#### EXERCISE OBJECTIVE
Print the listing exactly as it stands, and skip any pictures in it.

#### DATA SEGMENT
━━━━
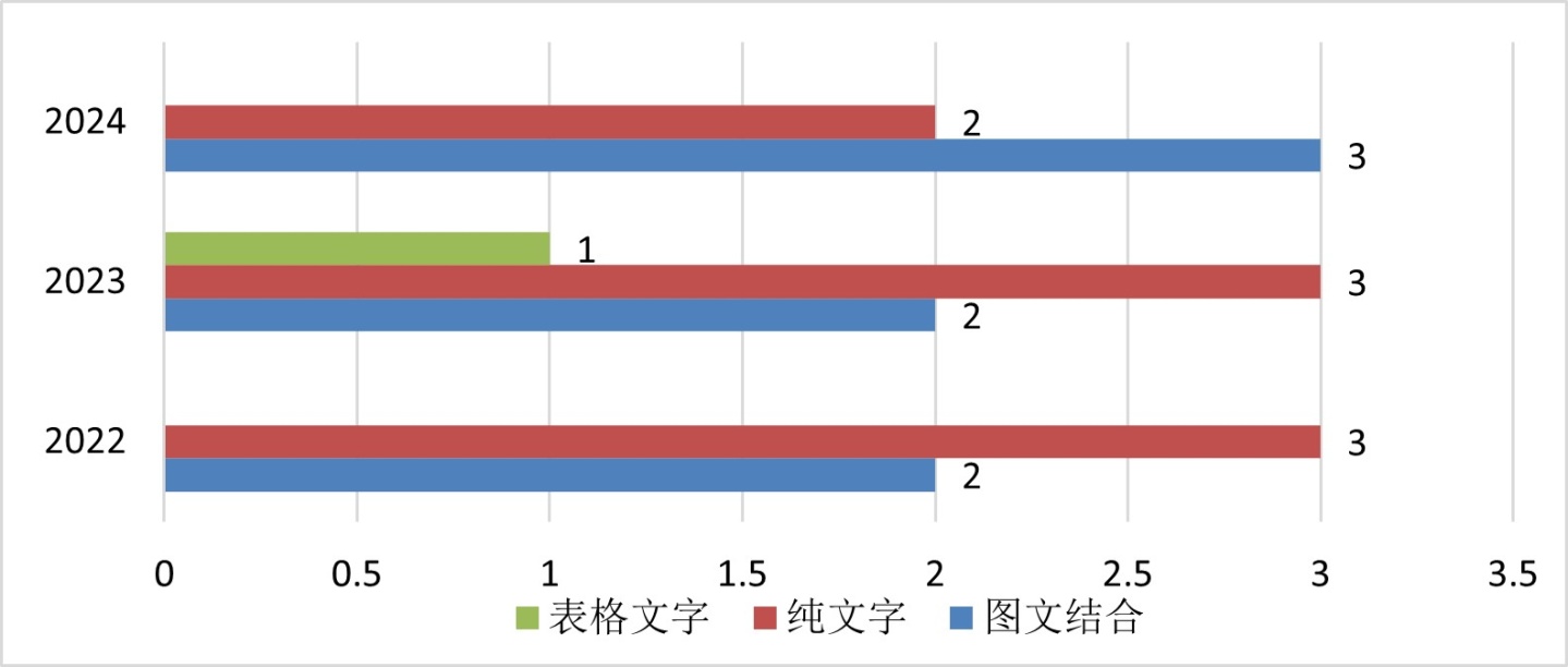 《义务教育英语课程标准(2022年版)》将“看”明确列为与听、说、读、写并列的语言技能,强调学生应能“理解多模态语篇中的图形、表格、动画、符号以及视频等视觉信息”(教育部,2022) [1]。这标志着测评理念从单一的文字解码转向对多元信息整合能力的考查。阅读理解语篇的呈现方式,是体现“看”技能测评意图最直接的载体。本研究将语篇呈现形式分为纯文字、图文结合及表格文字三类,并对2022~2024年的情况进行了统计(见图3)。
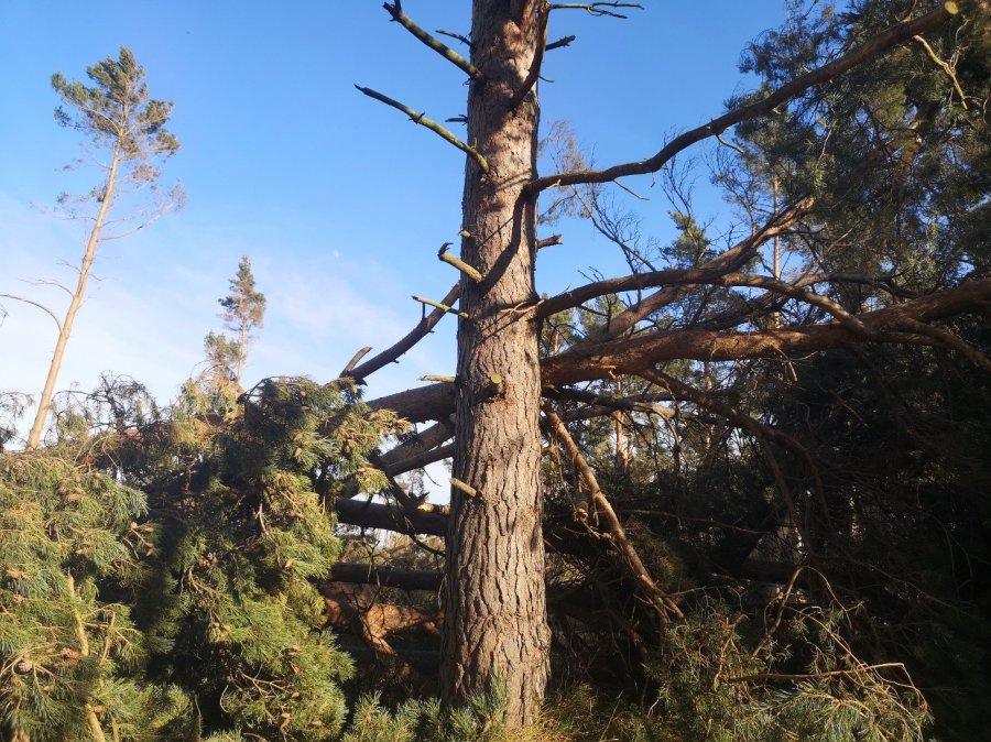 A broken Scots Pine during Storm Arwen, John Muir Country Park, Scotland
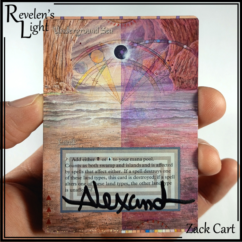 A Guru Basic Land styled overlay painted on the Magic: the Gathering card, the Dual Land Underground Sea, with extended art. Hand-painted by Revelen’s Light Alters.
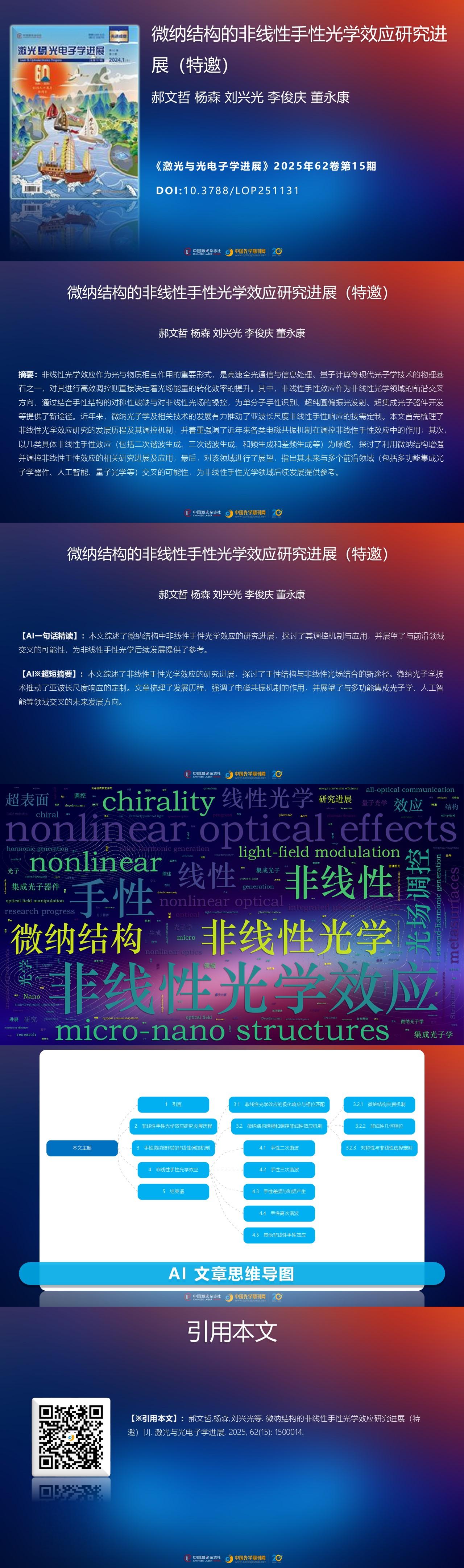 Wenzhe Hao, Sen Yang, Xingguang Liu, Junqing Li, Yongkang Dong. Research Progress on Nonlinear Chiroptical Effects of Micro-Nano Structures (Invited)[J]. Laser & Optoelectronics Progress, 2025, 62(15): 1500014
━━━━
#### ANSWER TO THIS TASK
 《义务教育英语课程标准(2022年版)》将“看”明确列为与听、说、读、写并列的语言技能,强调学生应能“理解多模态语篇中的图形、表格、动画、符号以及视频等视觉信息”(教育部,2022) [1]。这标志着测评理念从单一的文字解码转向对多元信息整合能力的考查。阅读理解语篇的呈现方式,是体现“看”技能测评意图最直接的载体。本研究将语篇呈现形式分为纯文字、图文结合及表格文字三类,并对2022~2024年的情况进行了统计(见图3)。
 A broken Scots Pine during Storm Arwen, John Muir Country Park, Scotland
 A Guru Basic Land styled overlay painted on the Magic: the Gathering card, the Dual Land Underground Sea, with extended art. Hand-painted by Revelen’s Light Alters.
 Wenzhe Hao, Sen Yang, Xingguang Liu, Junqing Li, Yongkang Dong. Research Progress on Nonlinear Chiroptical Effects of Micro-Nano Structures (Invited)[J]. Laser & Optoelectronics Progress, 2025, 62(15): 1500014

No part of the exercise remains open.